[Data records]

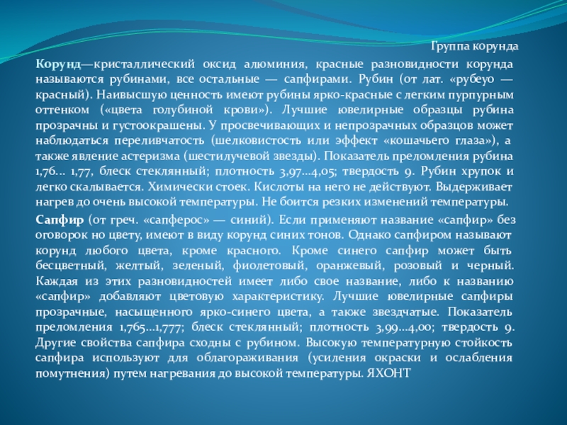 Сапфир (от греч. «сапферос» — синий). Если применяют название «сапфир» без оговорок но цвету, имеют в виду корунд синих тонов. Однако сапфиром называют корунд любого цвета, кроме красного. Кроме синего сапфир может быть бесцветный, желтый, зеленый, фиолетовый, оранжевый, розовый и черный. Каждая из этих разновидностей имеет либо свое название, либо к названию «сапфир» добавляют цветовую характеристику. Лучшие ювелирные сапфиры прозрачные, насыщенного ярко-синего цвета, а также звездчатые. Показатель преломления 1,765...1,777; блеск стеклянный; плотность 3,99...4,00; твердость 9. Другие свойства сапфира сходны с рубином. Высокую температурную стойкость сапфира используют для облагораживания (усиления окраски и ослабления помутнения) путем нагревания до высокой температуры. ЯХОНТ
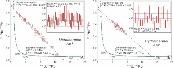 图2双旗山矿床变质(A)与热液磷灰石(B)的U-Pb年龄图解
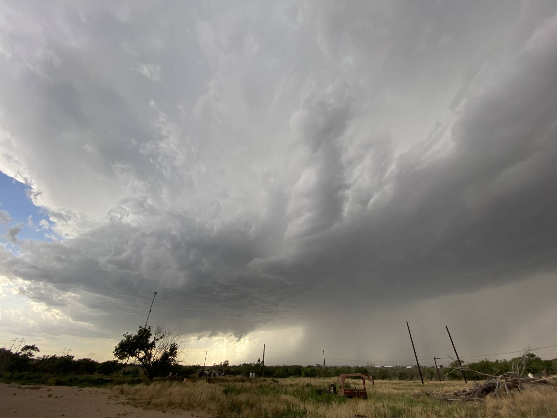 We relocated to the south side of Sundown to an empty lot I’m aware of. It gave us a good view west. So we hung around a little bit. I also had time to put the drone up a little bit more here. I didn’t have long… I got a few pictures and one timelapse. And things happened fast. In only the time it took me to go from landing the drone, packing it back in the case, and stowing it back in the truck… we had a fully fledged wall cloud with some of the more intense horizontal rotation I’ve seen out of a storm in quite some time. If you look closely at the end of the drone timelapse, you’ll see the first bit of RFD hit the ground off in the distance.
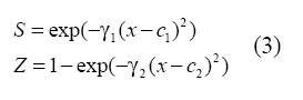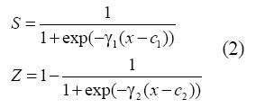 Donde ci es un parámetro que define el punto de inflexión de la función de transición, y γi define su pendiente. Tal como es mostrado por Velásquez et al. (2004), la formulación propuesta en (2) es equivalente a un modelo LSTR o logistic smooth transition regression cuando se hace c1=c2 y γ1=γ2, ya que para la ponderación asignada a cada regla se obtiene que w1=1-w2, de acuerdo con el algoritmo de cálculo previamente descrito.
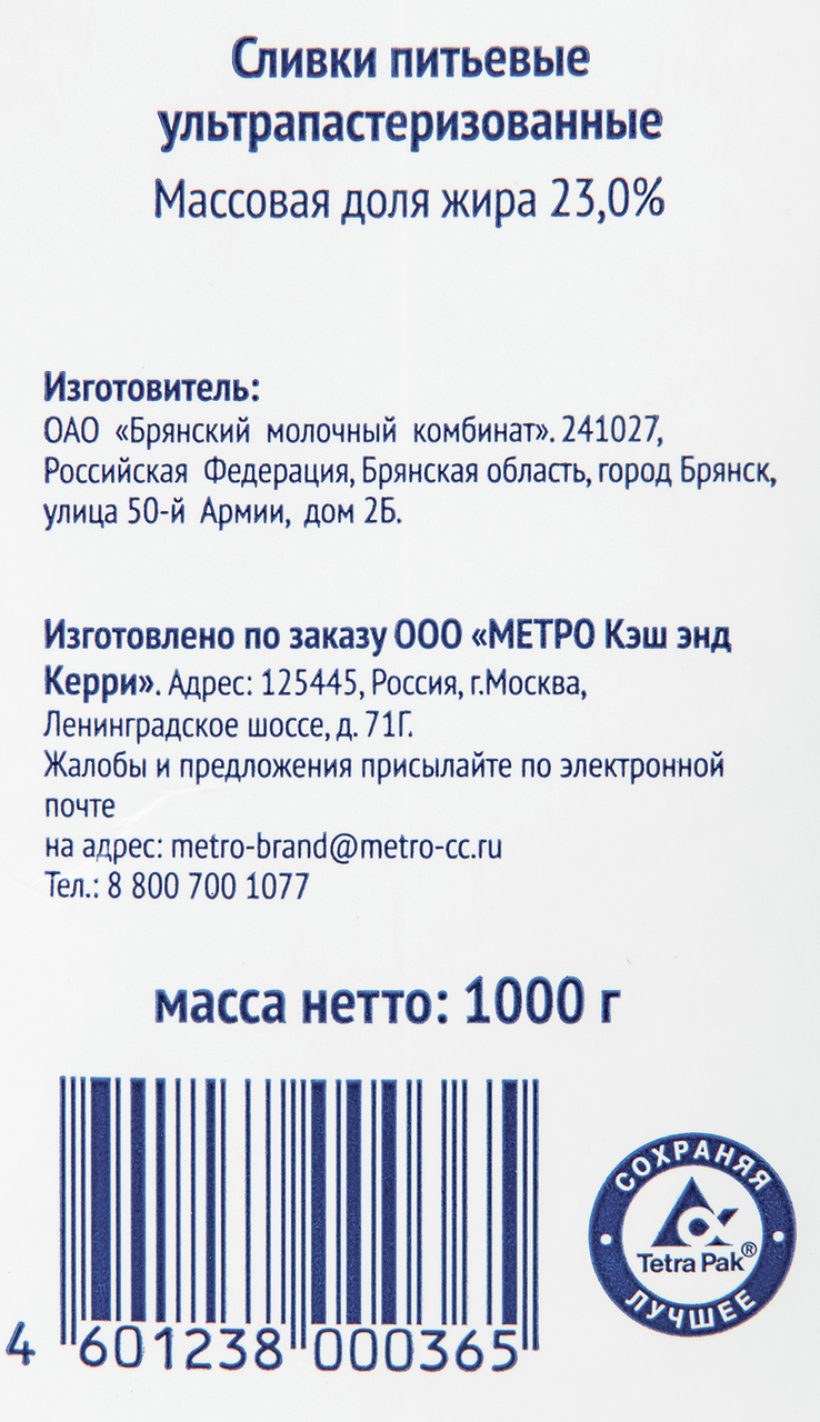 METRO Chef Сливки ультрапастеризованные 23%, 1кг
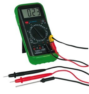 Of course, it also includes a dedicated transistor socket for NPN and PNP transistor testing, auto power off to save batteries, audible continuity and diode testing, and an oversized display. Sounds too good to be true for 40 bucks? We thought so too! That's why they're here! Comes complete with a professional rubber holster, standard test probes, temperature test probe, users manual, and a 9V battery.
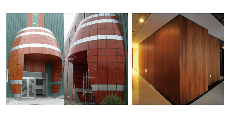 室外裝修。在室外,建筑幕墻、人行天橋、火車站幕墻、廣告標志牌等公共場所,我們的木紋鋁單板會經常被用到。因為具有很強的耐腐蝕性,能夠抵御強紫外線的照射,也能夠抵御酸雨這些強腐蝕性的物質。
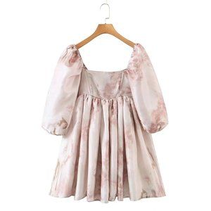Unbranded puff sleeve satin babydoll minidress with Renaissance art print. Has 1 outer layer, 1 petticoat layer for volume, and 1 soft inner lining in the skirt. (Has 3 different skirt layers for volume.) Invisible zipper at the back center and elastic sleeves.
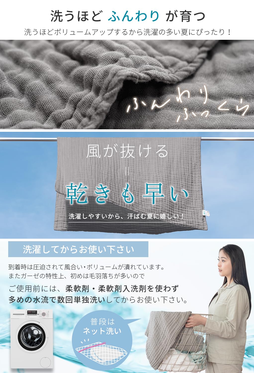 【洗濯機対応】洗うたびにふんわり育つ。洗うほど使い込むほどにふんわり優しく育ちます。肌なじみがよく、タオルケットとはまた違った風合いも魅力のひとつ。縫製のあとの洗浄でシワを丁寧に作っていきます。洗浄時に計算された時間と水温で洗うことによって肌にちょうどよくなじむ、くしゅくしゅ感が生まれます。※ご自宅で洗濯ネットに入れ洗濯可能!
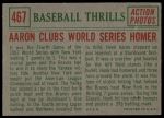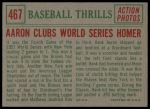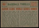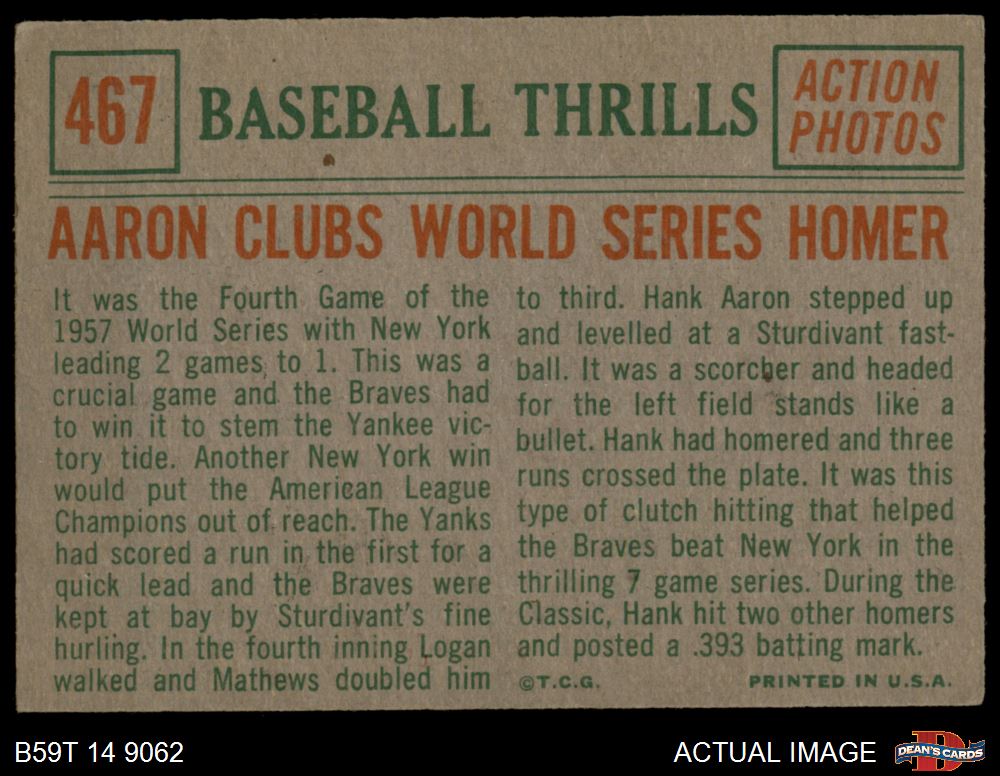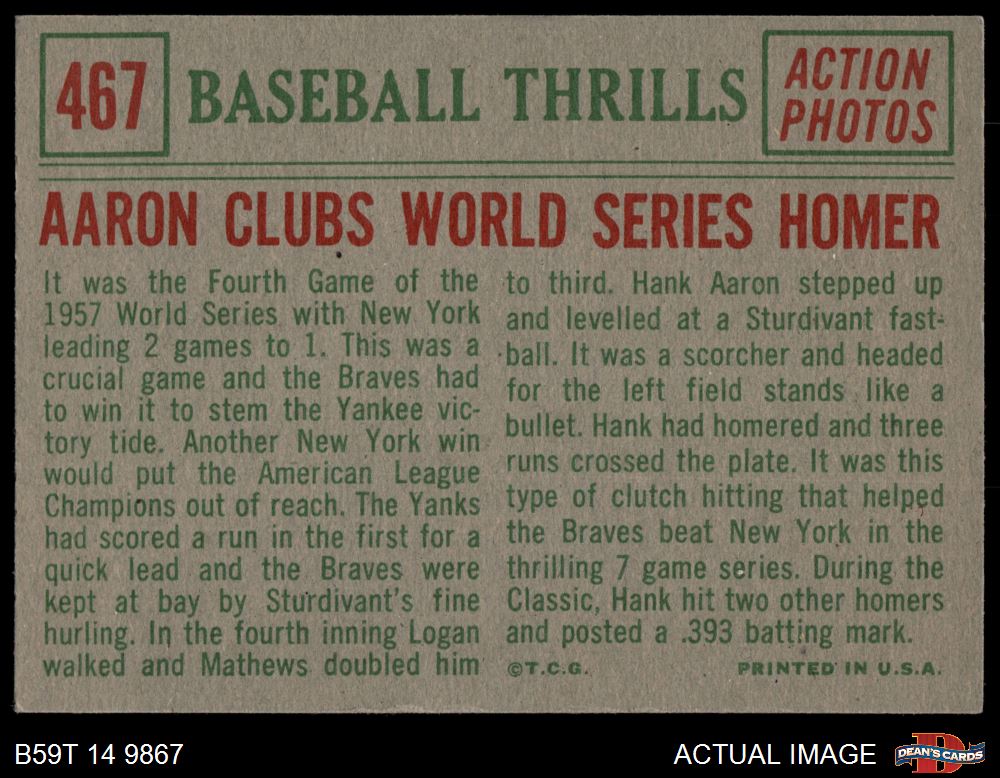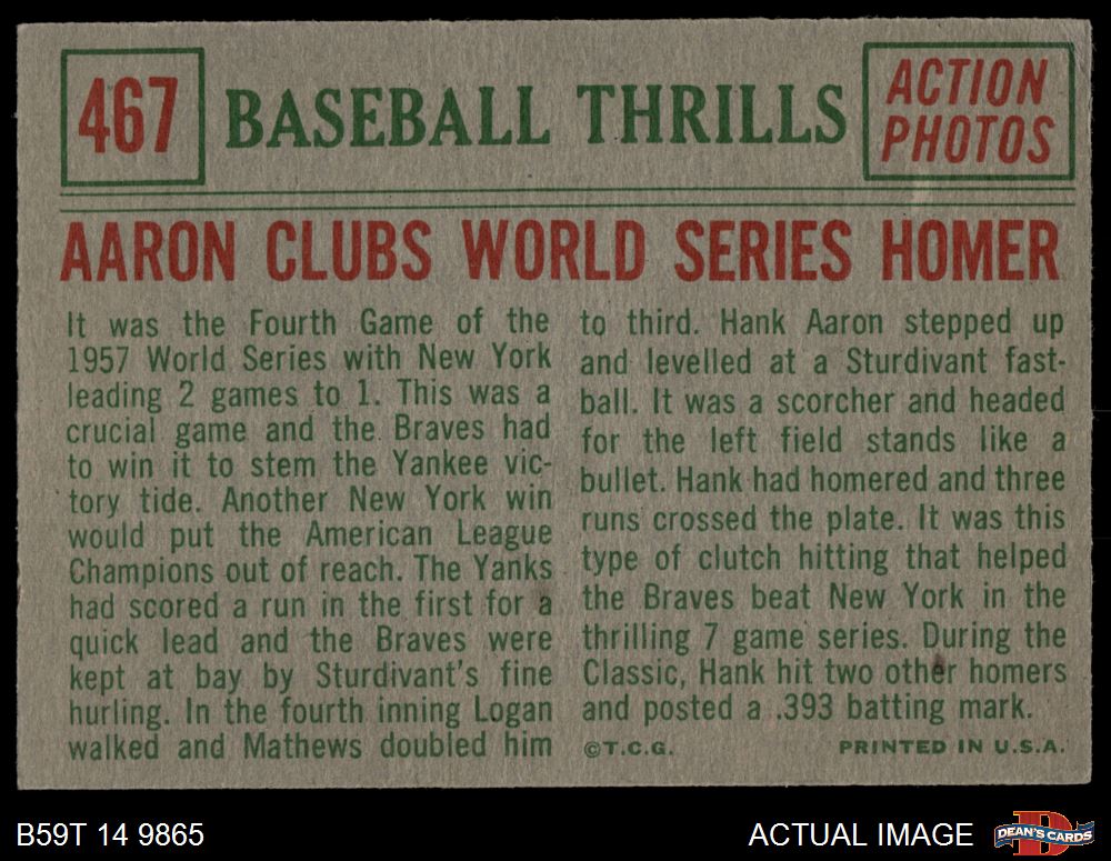 1959 Topps #467 - Hank Aaron Clubs World Series Homer 4 - VG/EX
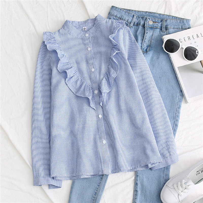 67120卸売り春秋装立襟ハスの葉の縁の縞のシャツの女性の韓国版の長袖は底のゆったりしているシャツの婦人服を打ちます。
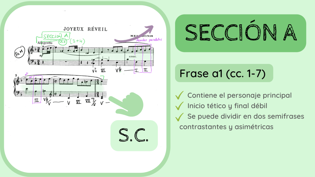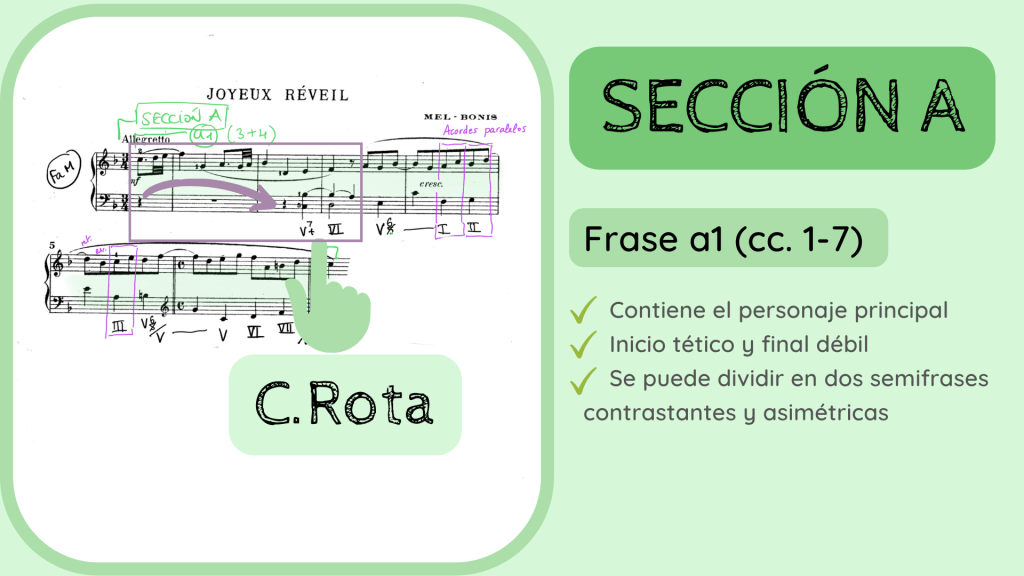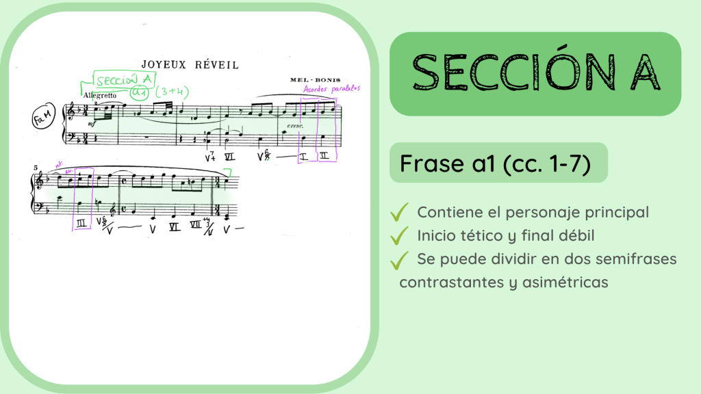 En esta primera frase, que he llamado a1, Bonis establece la tonalidad de Fa Mayor y uno de los dos materiales melódico-rítmicos protagonistas. Encontramos en su inicio esa anacrusa de dominante resolviendo en tónica, tan común en la música: la anacrusa de do a fa. Tiene una estructura binaria, pudiéndose dividir en dos semifrases asimétricas y contrastantes.

Assigned task: Leave out the pictures, and retype exactly the lines from the one containing "67120卸売り春秋装立襟ハ" through the final line of the data.

Expected output:
 67120卸売り春秋装立襟ハスの葉の縁の縞のシャツの女性の韓国版の長袖は底のゆったりしているシャツの婦人服を打ちます。
 En esta primera frase, que he llamado a1, Bonis establece la tonalidad de Fa Mayor y uno de los dos materiales melódico-rítmicos protagonistas. Encontramos en su inicio esa anacrusa de dominante resolviendo en tónica, tan común en la música: la anacrusa de do a fa. Tiene una estructura binaria, pudiéndose dividir en dos semifrases asimétricas y contrastantes.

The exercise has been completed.